## GIVEN RECORDS
++++++++++

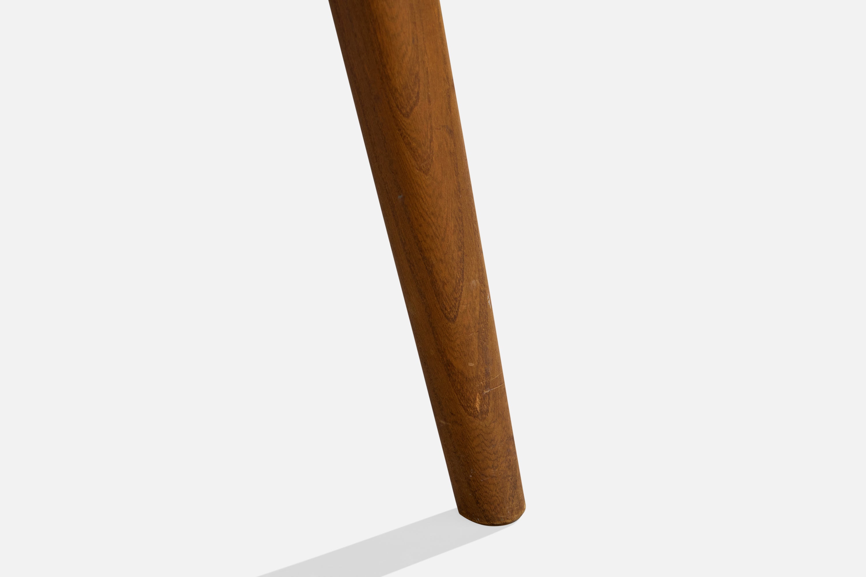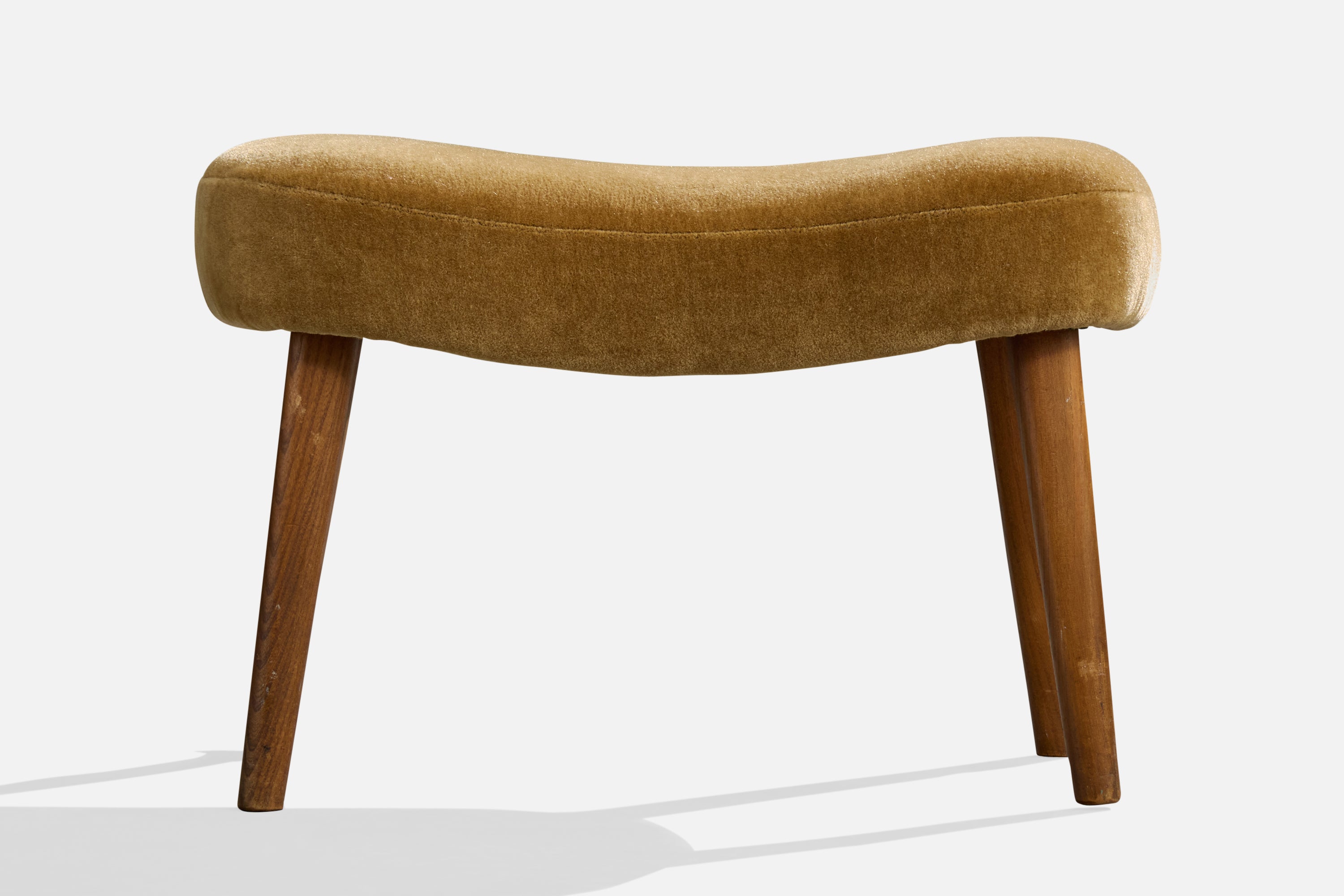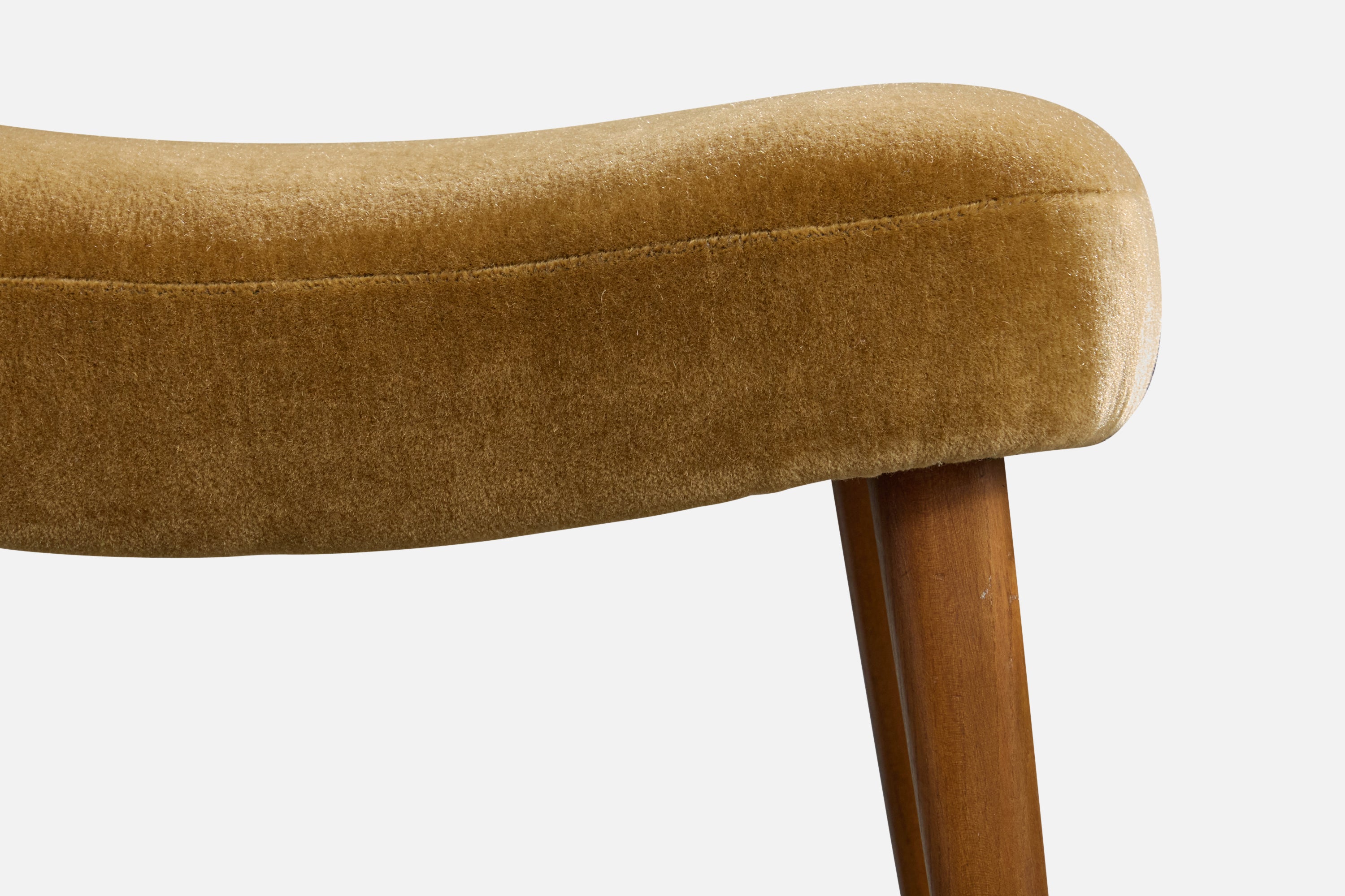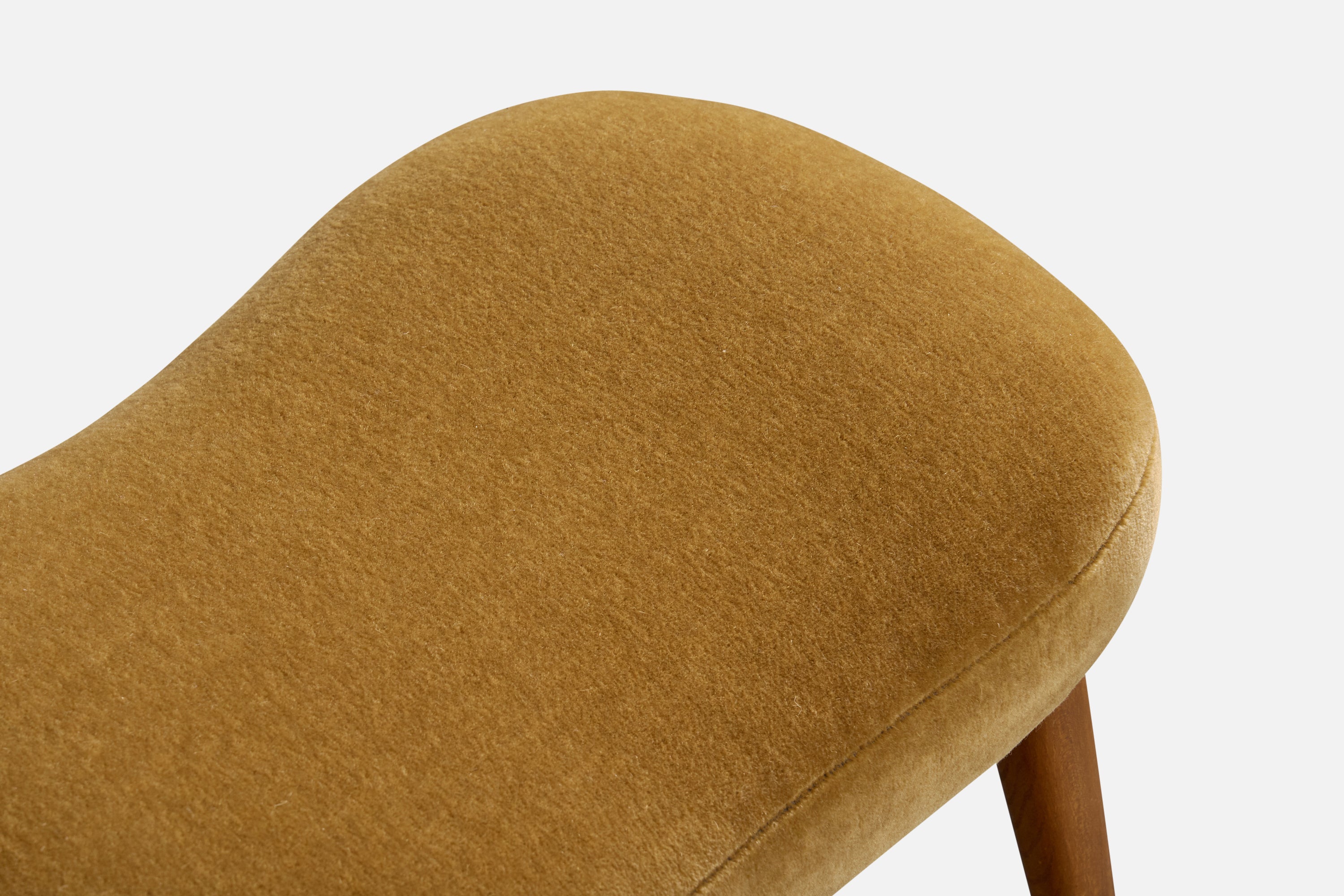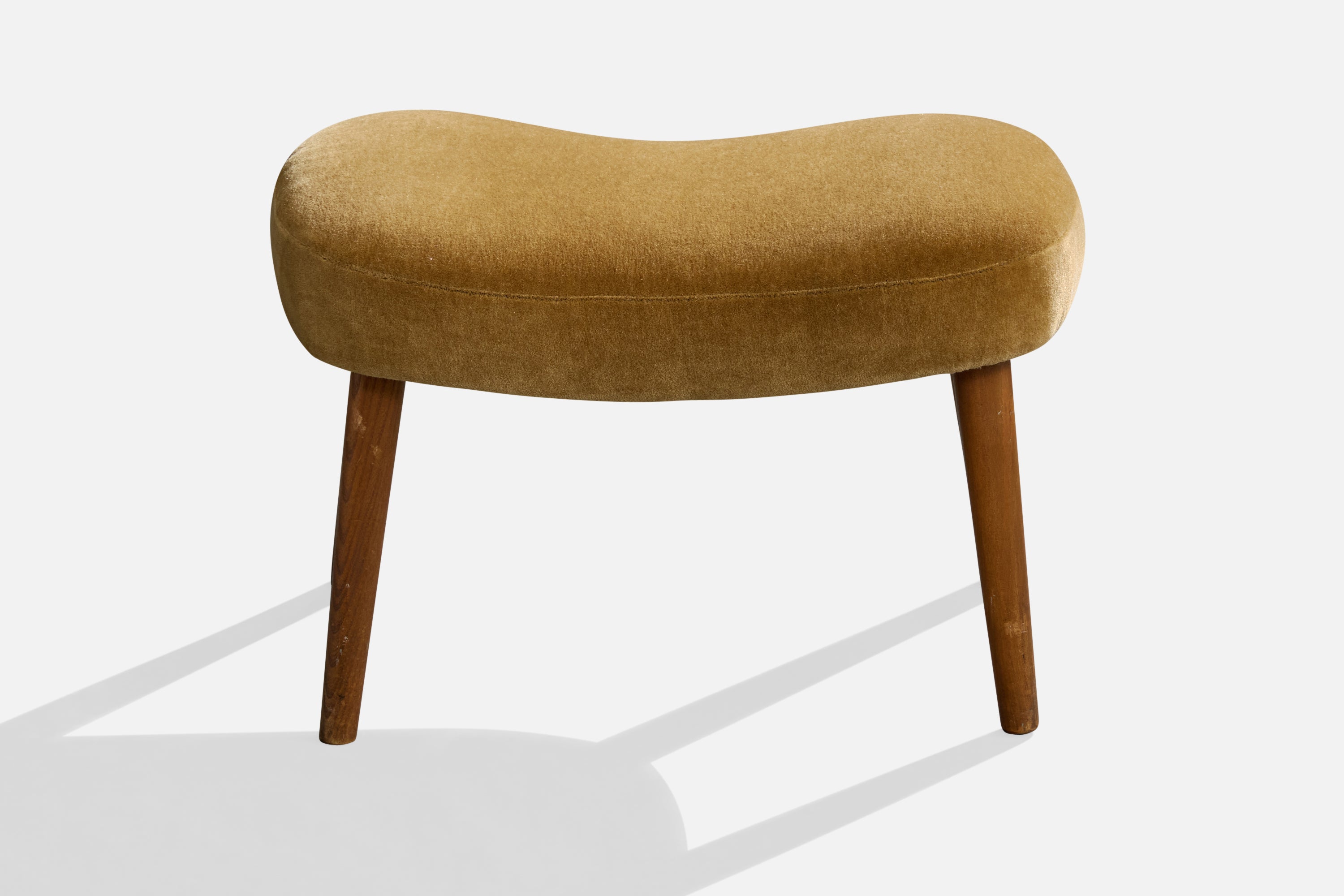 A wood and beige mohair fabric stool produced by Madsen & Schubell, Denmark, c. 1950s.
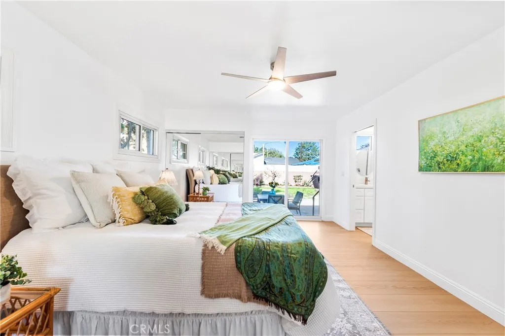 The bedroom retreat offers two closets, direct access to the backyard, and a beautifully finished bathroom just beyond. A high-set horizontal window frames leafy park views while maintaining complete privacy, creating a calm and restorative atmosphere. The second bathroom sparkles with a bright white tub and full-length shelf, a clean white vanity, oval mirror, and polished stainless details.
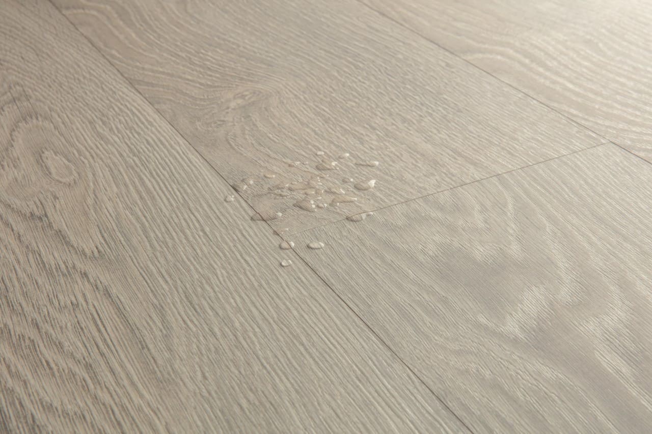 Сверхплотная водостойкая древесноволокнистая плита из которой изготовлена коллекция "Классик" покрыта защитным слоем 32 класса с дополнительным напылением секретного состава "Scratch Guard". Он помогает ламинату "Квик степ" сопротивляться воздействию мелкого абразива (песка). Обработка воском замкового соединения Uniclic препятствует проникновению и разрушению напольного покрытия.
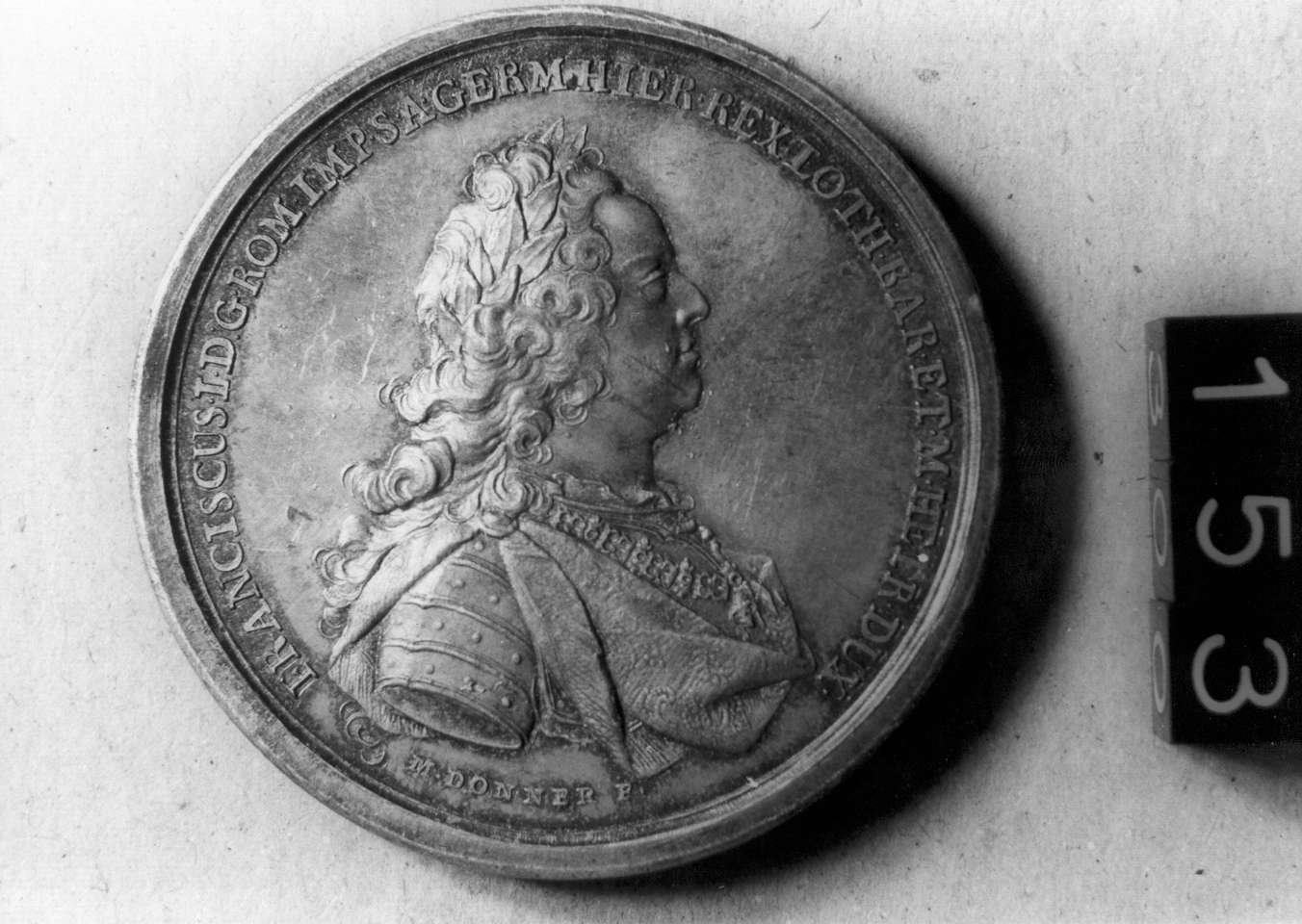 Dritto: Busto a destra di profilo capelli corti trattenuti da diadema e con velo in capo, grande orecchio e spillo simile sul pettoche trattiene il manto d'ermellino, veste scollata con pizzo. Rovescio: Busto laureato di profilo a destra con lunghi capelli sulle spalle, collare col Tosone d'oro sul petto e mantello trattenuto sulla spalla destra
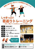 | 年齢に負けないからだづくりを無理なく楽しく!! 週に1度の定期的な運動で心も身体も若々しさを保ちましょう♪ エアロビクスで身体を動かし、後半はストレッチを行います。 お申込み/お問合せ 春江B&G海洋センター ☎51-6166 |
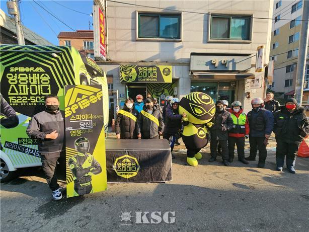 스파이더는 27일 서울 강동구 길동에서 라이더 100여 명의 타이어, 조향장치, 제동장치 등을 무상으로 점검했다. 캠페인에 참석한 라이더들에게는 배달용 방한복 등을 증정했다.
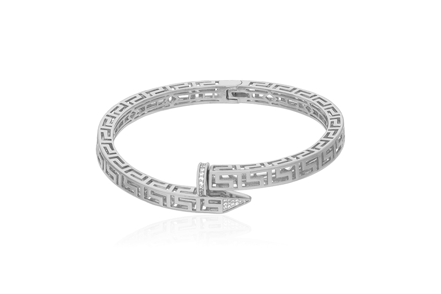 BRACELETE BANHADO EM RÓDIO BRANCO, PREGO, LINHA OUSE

++++++++++

## EXERCISE DESCRIPTION
Give back exactly the lines from the line with "春江B&G海洋センター ☎51-6166 |" through the end of the material above, and omit every picture.

## SOLUTION FOR THIS EXERCISE
 | 年齢に負けないからだづくりを無理なく楽しく!! 週に1度の定期的な運動で心も身体も若々しさを保ちましょう♪ エアロビクスで身体を動かし、後半はストレッチを行います。 お申込み/お問合せ 春江B&G海洋センター ☎51-6166 |
 스파이더는 27일 서울 강동구 길동에서 라이더 100여 명의 타이어, 조향장치, 제동장치 등을 무상으로 점검했다. 캠페인에 참석한 라이더들에게는 배달용 방한복 등을 증정했다.
 BRACELETE BANHADO EM RÓDIO BRANCO, PREGO, LINHA OUSE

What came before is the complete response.